Don't just blindly set `n_results=5`. Think about:
- Your document length and structure
- Your LLM's context window
- Your quality vs. cost trade-offs
- The semantic distance of retrieved results

For most applications, **n_results=3** with a **distance threshold of 0.5-0.6** is a good starting point. Then tune based on your specific needs!

# 2. RAG (Retrieval-Augmented-Generation)

We’ll keep doing the same search, but now we’ll hand the retrieved text to an LLM and have it compose an answer while staying grounded in our documents.

## 2.1 OpenAI API

We’ll access LLM through the OpenAI API. To do this, we first load the API key from the environment and then create a client object that we will use to send requests to the model.

In [None]:
import os
from getpass import getpass

# Configure OpenAI API key
try:
    from google.colab import userdata
    OPENAI_API_KEY = userdata.get('OPENAI_API_KEY')
    print("✅ API key loaded from Colab secrets")
except:
    from getpass import getpass
    print("💡 To use Colab secrets: Go to 🔑 (left sidebar) → Add new secret → Name: OPENAI_API_KEY")
    OPENAI_API_KEY = getpass("Enter your OpenAI API Key: ")

os.environ["OPENAI_API_KEY"] = OPENAI_API_KEY

if not OPENAI_API_KEY or OPENAI_API_KEY.strip() == "":
    raise ValueError("❌ ERROR: No API key provided!")

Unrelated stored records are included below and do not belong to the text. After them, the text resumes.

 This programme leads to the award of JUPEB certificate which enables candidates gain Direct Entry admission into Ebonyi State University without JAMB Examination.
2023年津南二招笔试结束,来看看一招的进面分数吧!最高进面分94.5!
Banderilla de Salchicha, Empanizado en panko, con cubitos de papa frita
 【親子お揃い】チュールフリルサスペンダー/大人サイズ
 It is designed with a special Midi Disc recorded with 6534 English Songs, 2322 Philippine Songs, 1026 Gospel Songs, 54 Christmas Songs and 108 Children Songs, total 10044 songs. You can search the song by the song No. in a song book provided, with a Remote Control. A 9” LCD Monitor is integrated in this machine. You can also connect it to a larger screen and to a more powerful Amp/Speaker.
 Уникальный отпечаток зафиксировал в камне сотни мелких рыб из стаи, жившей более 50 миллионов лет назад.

print("\n✅ OpenAI API configured!")

# Set the model to use
OPENAI_MODEL = "gpt-5-nano"
print(f"🤖 Using model: {OPENAI_MODEL}")

In [None]:
from openai import OpenAI


In [None]:
# Create OpenAI client
client = OpenAI(api_key=OPENAI_API_KEY)

We will query Chroma collection to get the most relevant passages for the question. Here we ask for the top 3 results, and we also include their IDs. These IDs help us later show where the information came from. If no results are found, we stop early and tell the user that nothing matched.

In [None]:
query_text = "What is the difference between symmetric and asymmetric encryption?"

# Step 1: Retrieving relevant passages from Chroma
response = local_collection.query(
    query_texts = [query_text],
    n_results = 3,
    include = ["documents"]
)

docs = response["documents"][0]
ids = response["ids"][0]

if not docs:
    print("No relevant passages found in the vector store. Try rephrasing the question.")
else:
    # Step 2: Packing retrieved results into a labeled context block to make the input clearer for the LLM
    context_blocks = [f"[{i+1} | {ids[i]}]\n{docs[i]}" for i in range(len(docs))]
    context = "\n\n".join(context_blocks)

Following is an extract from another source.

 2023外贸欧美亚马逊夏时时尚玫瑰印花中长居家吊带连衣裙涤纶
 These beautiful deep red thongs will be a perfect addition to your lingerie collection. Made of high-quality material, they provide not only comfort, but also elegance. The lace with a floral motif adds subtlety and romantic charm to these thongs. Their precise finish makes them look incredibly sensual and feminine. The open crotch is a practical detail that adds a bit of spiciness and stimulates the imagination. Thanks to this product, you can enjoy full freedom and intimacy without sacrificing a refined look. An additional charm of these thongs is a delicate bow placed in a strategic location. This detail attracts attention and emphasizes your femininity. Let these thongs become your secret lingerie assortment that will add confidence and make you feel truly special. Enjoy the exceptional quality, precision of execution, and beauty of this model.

Finally, we'll send retrieved passages along with the question to the OpenAI model `gpt-5-nano`.

In [None]:
# Step 3: Generating an answer using the retrieved context
resp = client.responses.create(
    model=OPENAI_MODEL,
    input=(
        "You are a precise assistant that must answer ONLY using the provided sources. "
        "If the answer is not fully supported by the sources, explain that the information is not in the provided material and suggest how the user might rephrase their question. "
        "At the end, cite sources by their bracket labels, e.g., [1], [2].\n\n"
        f"SOURCES:\n{context}\n\n"
        f"QUESTION: {query_text}\n\n"
        f"ANSWER:"
    )
)

print(resp.output_text)

## 2.1.1 RAG Evaluation and Source Attribution

So far, we've built a RAG pipeline that retrieves documents and generates answers. But there's a critical question we haven't addressed: **How do we know if the LLM actually used the retrieved sources, or if it just made up an answer?**

This is one of the biggest challenges in production RAG systems:

1. **No verification that sources are actually used**: After getting an LLM answer, there's often no check whether the answer actually came from the retrieved context
2. **Hallucinations**: LLMs can confidently generate information that wasn't in the sources at all
3. **Source attribution**: Even when the answer is correct, it's hard to verify which specific source documents were actually used

Let's explore techniques to address these issues.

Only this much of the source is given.